For the MLPerf Training performance testing, performance was evaluated using 8x NVIDIA H200 GPUs on single-node and 16x NVIDIA H200 GPUs with two-node configurations on the Cisco UCS C885A M8 Rack Server. This is the standard configuration on the UCS C885A M8 server, and MLPerf Training benchmark results are collected for various datasets. This data will help in understanding the performance benefits of the UCS C885A M8 server for Training workloads. Performance data for selected datasets is highlighted in this white paper, along with a brief explanation of the performance on the C885A M8 rack server

Product overview

● Built on the NVIDIA HGX platform, the Cisco UCS C885A M8 Rack Server offers a choice of 8 NVIDIA HGX H200 Tensor Core GPUs to deliver massive, accelerated computational performance in a single server, as well as one NVIDIA ConnectX-7 NIC or NVIDIA BlueField-3 SuperNIC per GPU to scale AI model training across a cluster of dense GPU servers.

● The server is managed by Cisco Intersight, which can help reduce your Total Cost of Ownership (TCO) and increase your business agility.

Note: Initially, the local server management interface will handle configuration and management, while Cisco Intersight will provide inventory capabilities through an integrated Intersight Device Connector.
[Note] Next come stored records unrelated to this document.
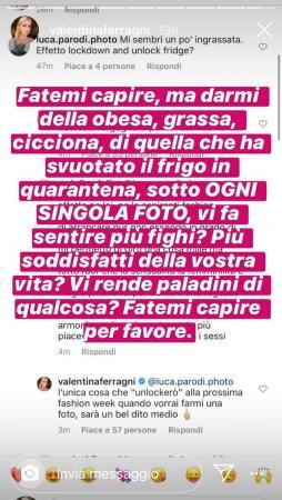In più occasioni, infatti, la sorella della ben più nota influencer Chiara Ferragni è stata raggiunta da commenti terribili e poco edificanti (per usare un eufemismo) riguardanti il suo aspetto fisico, e in particolar modo è stata spesso tacciata di avere qualche kilo di troppo. Anche sotto le foto più recenti condivise sui social, le critiche e i giudizi più duri sul fisico della bellissima Valentina in realtà si sprecano, dato che alcuni dei suoi followers sembrano davvero pronti a dirgliene di tutti i colori.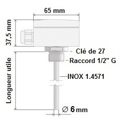 Sonde sur boitier 1/2G longueur 100 mm active, signal en 0/10 V, 24 échelles de mesure, alimentation 24VDC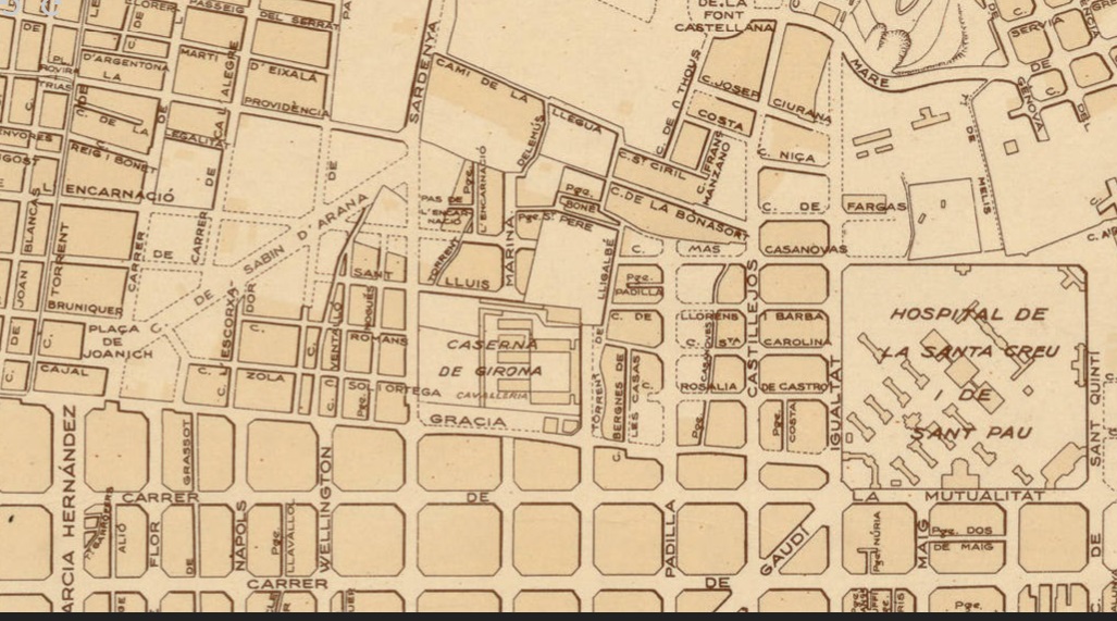 Aquesta revolució es completà amb dos pilars. El quarter de cavalleria de Girona, en construcció des de finals de Vuit-Cents, s’inaugurà el 1921 al carrer Lepant. Al seu voltant es teixí el més important fruit de les cooperatives militars, amb una illa de boniques cases amb jardí, de les quals només en sobreviu una al 378 de travessera de Gràcia. La presència de l’exèrcit ajuda a entendre el perquè de tant nomenclàtor proper amb al·lusions a batalles o proeses bèl·liques, de Castillejos a Padilla fins arribar a l’omnipresent Lepant o Dos de Maig.

Full management operations and configurations through Cisco Intersight will be introduced in future.

● The server is offered in fixed configurations that are optimized for intensive AI and HPC workloads.

A diagram of a computerAI-generated content may be incorrect.

Figure 4.

Detailed view of server

A specifications sheet for the UCA C885A M8 is available at: https://www.cisco.com/c/en/us/products/collateral/servers-unified-computing/ucs-c-series-rack-servers/ucs-c885a-m8-ds.html

MLPerf overview

MLPerf is a benchmark suite that evaluates the performance of machine-learning software, hardware, and services. The benchmarks are developed by MLCommons, a consortium of AI leaders from academia, research labs, and industry. The goal of MLPerf is to provide an objective yardstick for evaluating machine learning platforms and frameworks.

MLPerf has multiple benchmarks, including:

● MLPerf Training: measures the time it takes to train machine learning models to a target level of accuracy

● MLPerf Inference: Datacenter: measures how quickly a trained neural network can perform inference tasks on new data

MLPerf Training

The MLPerf Training benchmark suite measures how fast systems can train models to a target quality metric. Current and previous results can be reviewed through the results dashboard below.

The MLPerf Training Benchmark paper provides a detailed description of the motivation and guiding principles behind the MLPerf Training benchmark suite.

MLPerf Training: Test configuration

For the MLPerf Training performance testing covered in this document, the following Cisco UCS C885A M8 Rack Server configuration was used:

● 8x NVIDIA H200 SXM GPUs on single-server node

● 16x NVIDIA H200 SXM GPUs on two-server nodes

MLPerf Training performance results

MLPerf Training benchmarks

The MLPerf Inference models listed in Table 1 were configured on the Cisco UCS C885A M8 Rack Server and tested for performance.

Table 1. MLPerf Training models

Model	Reference implementation model	Description
retinanet 800x800	vision/classification_and_detection	Single-stage object detection model optimized for detecting small objects in high-resolution images
llama2-70b	language/llama2-70b	Large language model with 70 billion parameters. It is designed for Natural Language Processing (NLP) tasks and question answering.
rgat	graph/rgat	Graph-based neural network model that uses attention mechanisms to learn from relational data

MLPerf Training 5.1 performance data

As part of the MLPerf Training 5.1 submission, Cisco has tested most of the datasets mentioned in Table 1 on the Cisco UCS C885A M8 Rack Server and submitted the results to MLCommons with NVIDIA H200 GPUs. The results are published on the MLCommons results page: https://mlcommons.org/benchmarks/inference-datacenter/

Cisco has also published performance data for MLPerf Training 5.1 with multi-node configurations. Two Cisco UCS C885A M8 Rack servers were configured with 16x NVIDIA H200 GPUs. Performance data with two nodes is provided in Figures 5—7 below.

The below figure includes unverified MLPerf Training 5.1 results collected after the MLPerf submission deadline. For such data, there is a note added “Result not verified by MLCommons Association.”

Llama2_70b_lora

Llama2_70b_lora is a large language model from Meta, with 70 billion parameters. It is designed for various natural language processing tasks such as text generation, summarization, translation, and question answering.

Figure 5 shows the MLPerf 5.1 Training performance of the Llama2_70b_lora model tested on a Cisco UCS C885A M8 Rack Server with 8x NVIDIA H200 GPUs.

A graph on a white backgroundAI-generated content may be incorrect.

Figure 5.

Llama2_70b_lora performance data on a Cisco UCS C885A M8 Rack Server with 8 x NVIDIA H200 GPUs

Retinanet

Retinanet is a single-stage object-detection model known for its focus on addressing class imbalances using a novel focal-loss function. The “800x800” refers to the input image size, and the model is optimized for detecting small objects in high-resolution images.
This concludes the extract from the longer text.